I make this decision based on case-wise visual inspection. But I would quite often exclude as many as 25-30 out of 64 ICs, especially if it is patient data, which tends to be very artifact-prone. And I would recommend to do a visual raw data inspection and exclusion of the most noisy segments prior to ICA (I assume you do this anyway), this will reduce the number of ICs that you have to exclude.
I think giving general recommendations for how many components to reject is not possible. This is foremost due to differing levels of noise –if noise is very low and stereotypical, few components might capture it sufficiently. If noise levels are high and / or if artifactual sources are diverse, most components likely include some noise.
Reducing noise before ICA is most crucial. As Marius already mentioned, data should be carefully inspected in order to remove non-stereotypical and large amplitude noise. If the gamma band is of interest, separating data into a low (e.g. 30 Hz) can also be helpful.

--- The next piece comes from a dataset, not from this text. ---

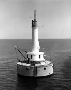 The light, situated about 9 miles (14 km) from the Fox River,[3][4][5][6] marks the west side of the entrance that leads to the city of Green Bay on the north side of the dredged shipping channel.[7] Federal funds were allocated in 1934 to replace the aging Peshtigo Reef Light with the Green Bay Harbor Entrance Light.[8][9] The work of constructing the light was started in 1935.[4][9]
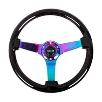 NRG Reinforced Steering Wheel (350mm / 3in Deep) Classic Blk Wood Grain w/Neochrome 3-Spoke Center

In my opinion, however, one decision has to be made a priori. That is, how conservative or liberal do I want to handle the decision for rejection? The conservative perspective would be to reject components only if there is a very clear signature of noise (e.g. heart beat, eye movement etc.). After all, every component represents a mixture of signal and noise. The liberal perspective would keep components only if noise is apparently absent. While both approaches are legitimate, it is very important to be consistent across participants.
In general, eleminating 25 out of 64 component seems unreasonable. According to Cohen`s opinion, if you are not sure whether a component is artifact or EEG, you should not remove it. See details: http://mikexcohen.com/lectures.html ( Independent components analysis for removing artifacts). Hope this helps!
Generally, removing 40% of your components seems too much. Are you sure you are not removing non-artifactual activity? Therefore I would stick with the conservative approach Jonas Misselhorn mentioned.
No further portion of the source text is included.